## Data
——
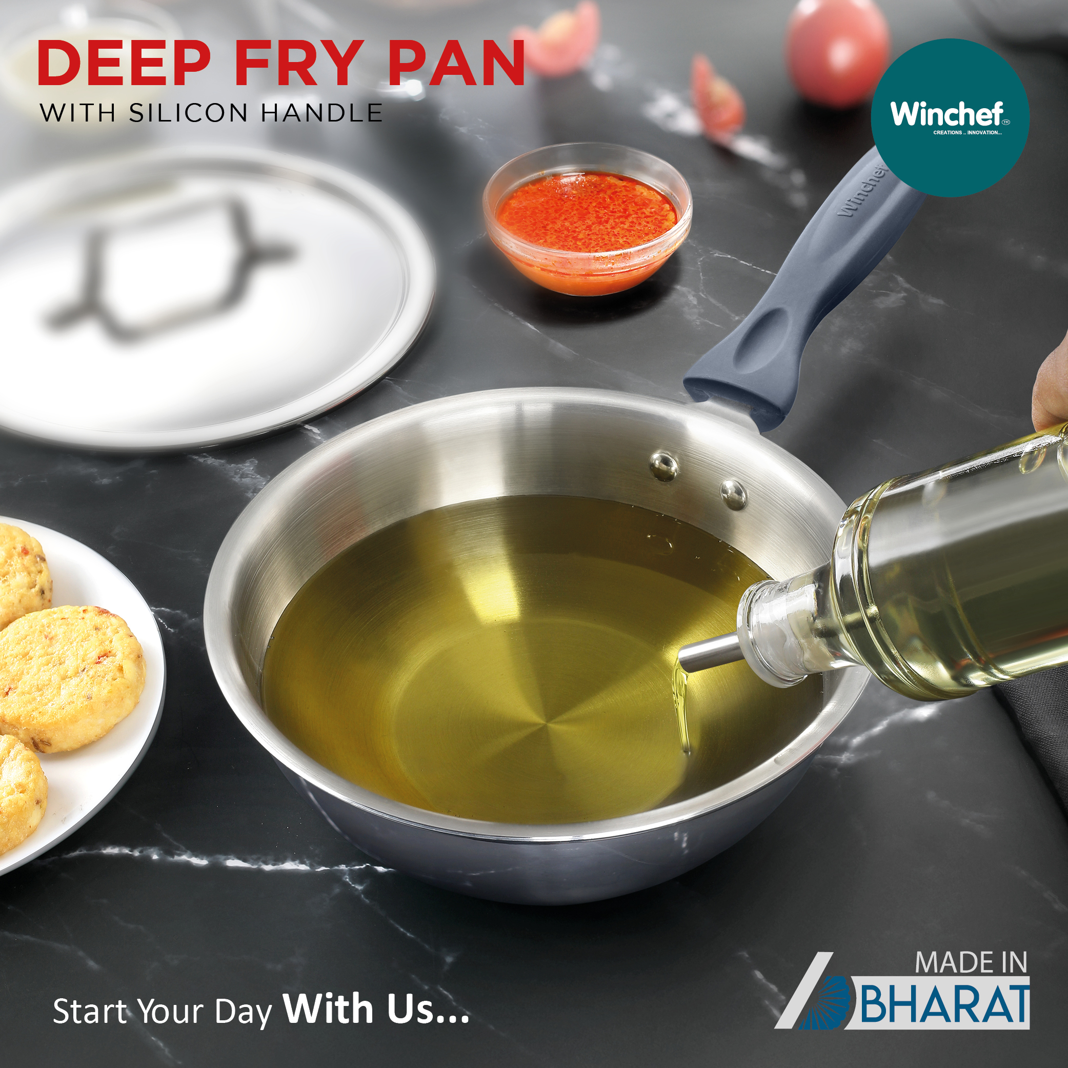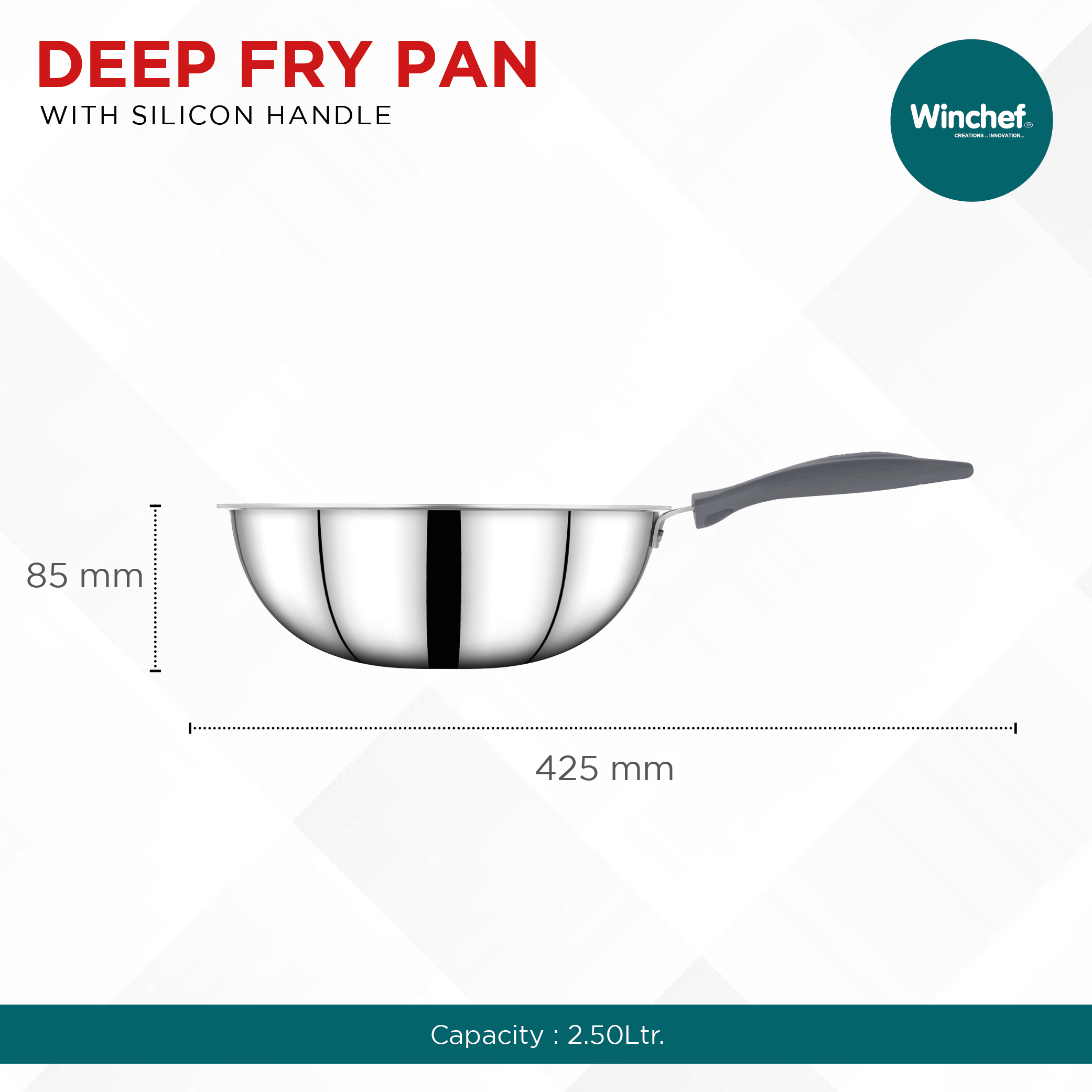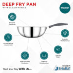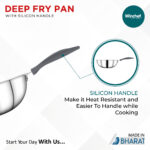Winchef Steelanium Triply Induction Friendly Deep Fry Pan is manufactured with utmost care and precision. It ensures an impeccable feel and finish, with fantastic utility and efficiency. Winchef Steelanium Triply Cookware Series is a 3 Layer Construction. Three different layers of metal bonded together- food-grade 18/8 stainless steel and SS-430 magnetic stainless steel with an encapsulated layer of aluminium in the middle right throughout the cookware for an even distribution of heat. It comes with silicone handles which ensure handles don’t break easily as well as prevent them from getting too hot and keep your hands safe.
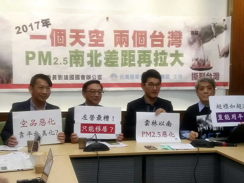 台灣健康空氣行動聯盟理事長葉光芃指出,根據環保署2017年PM2.5自動監測資料,發現全台76測站跟2016年相比,有高達24站年均值比2016年惡化,且集中在PM2.5原本就偏高的高屏地區;以區域檢視,「苗栗以北」和「雲林以南」的PM2.5年均值差距也在加大,2016年差距為2.3 µg/m³,2017年差距卻加大為4.4 µg/m³,可見空汙情形惡化。
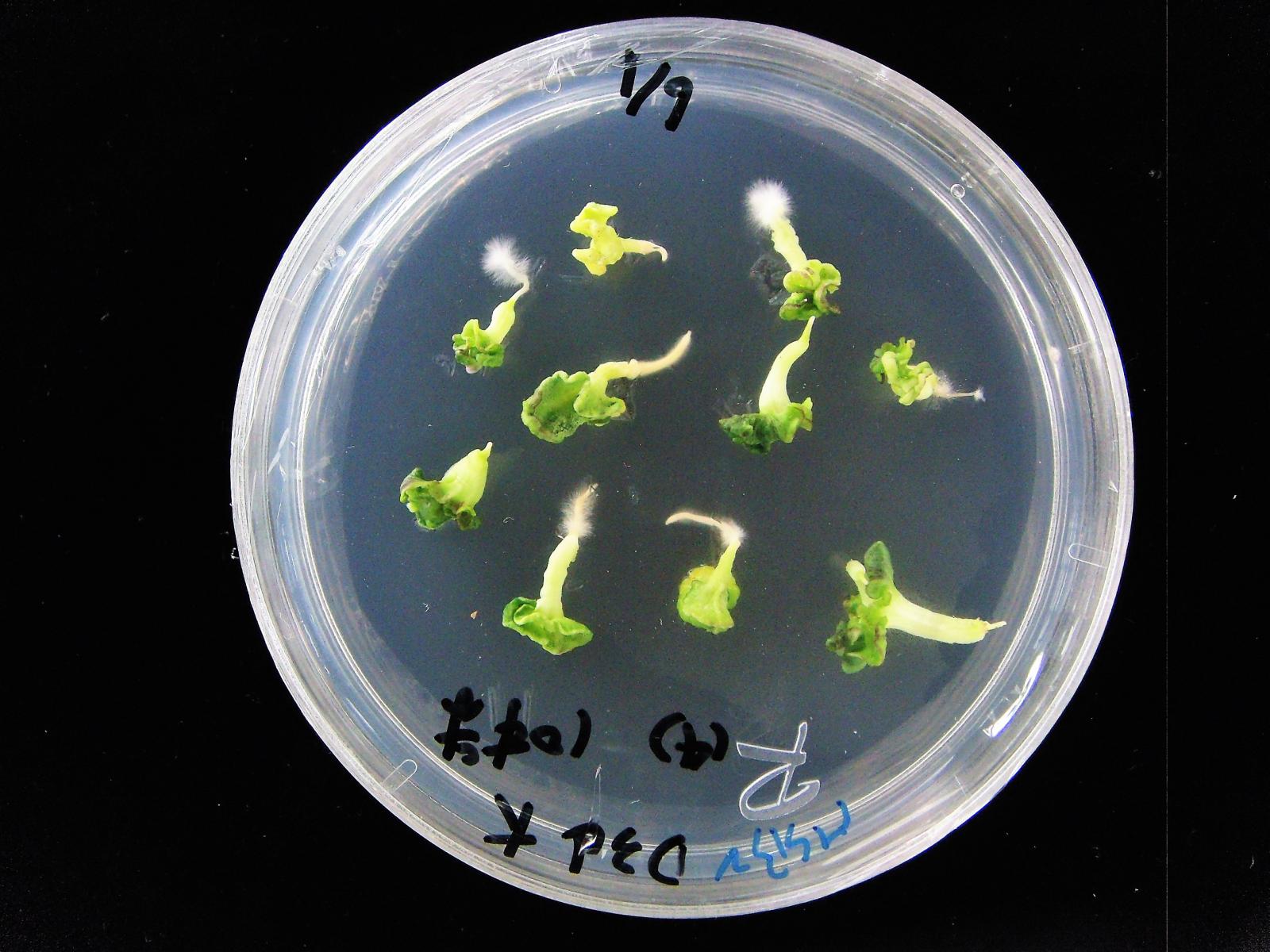 農試所有鑑於此,利用組織培養技術培養包括甘藍、青花菜及花椰菜等十字花科甘藍類蔬菜之未成熟之花粉(小孢子)獲得雙單倍體(Doubled-Haploid,DH)植株,每一雙單倍體植株係由單一小孢子發育並染色體倍加而來,是遺傳上之同質純系,不同雙單倍體植株可視為遺傳背景各異之自交純系,種苗業者可藉由觀察雙單倍體之園藝特性後直接選拔成為育種親本,加速育種流程進行並提升育種效率。
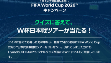 ヒョンデでは『クイズに答えて、W杯日本戦ツアーが当たる!キャンペーン』実施中です。クイズに答えて応募して下さった方の中から、抽選で5組10名様にFIFA World Cup 2026 日本対チュニジア戦現地観戦ツアーが、Wチャンスとして50...
——
## What to do
Leaving every picture out, write out exactly the lines from the one that holds "農試所有鑑於此,利用組織培養" through the end of the listing, both included.

## Expected answer
 農試所有鑑於此,利用組織培養技術培養包括甘藍、青花菜及花椰菜等十字花科甘藍類蔬菜之未成熟之花粉(小孢子)獲得雙單倍體(Doubled-Haploid,DH)植株,每一雙單倍體植株係由單一小孢子發育並染色體倍加而來,是遺傳上之同質純系,不同雙單倍體植株可視為遺傳背景各異之自交純系,種苗業者可藉由觀察雙單倍體之園藝特性後直接選拔成為育種親本,加速育種流程進行並提升育種效率。
 ヒョンデでは『クイズに答えて、W杯日本戦ツアーが当たる!キャンペーン』実施中です。クイズに答えて応募して下さった方の中から、抽選で5組10名様にFIFA World Cup 2026 日本対チュニジア戦現地観戦ツアーが、Wチャンスとして50...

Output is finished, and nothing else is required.